◆ **Action item**
Copy the data precisely, keeping every character.

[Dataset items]

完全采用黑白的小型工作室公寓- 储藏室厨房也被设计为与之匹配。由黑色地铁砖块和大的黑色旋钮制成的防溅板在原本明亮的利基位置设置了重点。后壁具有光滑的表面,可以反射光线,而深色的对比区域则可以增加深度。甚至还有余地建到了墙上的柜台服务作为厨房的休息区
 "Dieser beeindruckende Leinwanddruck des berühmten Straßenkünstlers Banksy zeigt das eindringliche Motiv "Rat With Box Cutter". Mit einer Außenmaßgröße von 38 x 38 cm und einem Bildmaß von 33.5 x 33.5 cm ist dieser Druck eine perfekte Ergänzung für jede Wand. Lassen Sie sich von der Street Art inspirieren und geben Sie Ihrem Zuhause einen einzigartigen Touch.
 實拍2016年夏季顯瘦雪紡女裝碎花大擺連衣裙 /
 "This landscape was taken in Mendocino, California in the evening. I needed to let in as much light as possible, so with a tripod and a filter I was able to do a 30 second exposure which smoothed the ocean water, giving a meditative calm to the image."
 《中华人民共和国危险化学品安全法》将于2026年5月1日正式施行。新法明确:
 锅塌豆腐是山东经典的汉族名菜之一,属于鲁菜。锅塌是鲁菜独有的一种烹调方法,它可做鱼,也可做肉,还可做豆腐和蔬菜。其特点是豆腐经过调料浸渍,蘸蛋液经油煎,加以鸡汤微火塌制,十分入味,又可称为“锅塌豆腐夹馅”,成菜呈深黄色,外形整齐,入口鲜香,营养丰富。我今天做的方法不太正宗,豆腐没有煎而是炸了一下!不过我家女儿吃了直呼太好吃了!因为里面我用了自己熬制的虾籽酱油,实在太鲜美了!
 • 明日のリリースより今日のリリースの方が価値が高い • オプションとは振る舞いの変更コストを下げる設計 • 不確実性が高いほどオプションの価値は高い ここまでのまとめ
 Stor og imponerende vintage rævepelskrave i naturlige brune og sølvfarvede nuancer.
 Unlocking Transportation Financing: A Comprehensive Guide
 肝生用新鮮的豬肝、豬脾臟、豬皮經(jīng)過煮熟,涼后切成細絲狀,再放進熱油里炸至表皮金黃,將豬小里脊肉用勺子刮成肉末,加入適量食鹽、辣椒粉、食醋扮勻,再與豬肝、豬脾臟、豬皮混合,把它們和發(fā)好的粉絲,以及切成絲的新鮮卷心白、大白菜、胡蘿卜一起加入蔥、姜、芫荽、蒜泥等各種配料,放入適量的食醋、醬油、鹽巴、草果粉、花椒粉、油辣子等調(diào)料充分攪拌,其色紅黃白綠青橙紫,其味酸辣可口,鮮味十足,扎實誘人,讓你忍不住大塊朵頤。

◆ **Completed exercise**
完全采用黑白的小型工作室公寓- 储藏室厨房也被设计为与之匹配。由黑色地铁砖块和大的黑色旋钮制成的防溅板在原本明亮的利基位置设置了重点。后壁具有光滑的表面,可以反射光线,而深色的对比区域则可以增加深度。甚至还有余地建到了墙上的柜台服务作为厨房的休息区
 "Dieser beeindruckende Leinwanddruck des berühmten Straßenkünstlers Banksy zeigt das eindringliche Motiv "Rat With Box Cutter". Mit einer Außenmaßgröße von 38 x 38 cm und einem Bildmaß von 33.5 x 33.5 cm ist dieser Druck eine perfekte Ergänzung für jede Wand. Lassen Sie sich von der Street Art inspirieren und geben Sie Ihrem Zuhause einen einzigartigen Touch.
 實拍2016年夏季顯瘦雪紡女裝碎花大擺連衣裙 /
 "This landscape was taken in Mendocino, California in the evening. I needed to let in as much light as possible, so with a tripod and a filter I was able to do a 30 second exposure which smoothed the ocean water, giving a meditative calm to the image."
 《中华人民共和国危险化学品安全法》将于2026年5月1日正式施行。新法明确:
 锅塌豆腐是山东经典的汉族名菜之一,属于鲁菜。锅塌是鲁菜独有的一种烹调方法,它可做鱼,也可做肉,还可做豆腐和蔬菜。其特点是豆腐经过调料浸渍,蘸蛋液经油煎,加以鸡汤微火塌制,十分入味,又可称为“锅塌豆腐夹馅”,成菜呈深黄色,外形整齐,入口鲜香,营养丰富。我今天做的方法不太正宗,豆腐没有煎而是炸了一下!不过我家女儿吃了直呼太好吃了!因为里面我用了自己熬制的虾籽酱油,实在太鲜美了!
 • 明日のリリースより今日のリリースの方が価値が高い • オプションとは振る舞いの変更コストを下げる設計 • 不確実性が高いほどオプションの価値は高い ここまでのまとめ
 Stor og imponerende vintage rævepelskrave i naturlige brune og sølvfarvede nuancer.
 Unlocking Transportation Financing: A Comprehensive Guide
 肝生用新鮮的豬肝、豬脾臟、豬皮經(jīng)過煮熟,涼后切成細絲狀,再放進熱油里炸至表皮金黃,將豬小里脊肉用勺子刮成肉末,加入適量食鹽、辣椒粉、食醋扮勻,再與豬肝、豬脾臟、豬皮混合,把它們和發(fā)好的粉絲,以及切成絲的新鮮卷心白、大白菜、胡蘿卜一起加入蔥、姜、芫荽、蒜泥等各種配料,放入適量的食醋、醬油、鹽巴、草果粉、花椒粉、油辣子等調(diào)料充分攪拌,其色紅黃白綠青橙紫,其味酸辣可口,鮮味十足,扎實誘人,讓你忍不住大塊朵頤。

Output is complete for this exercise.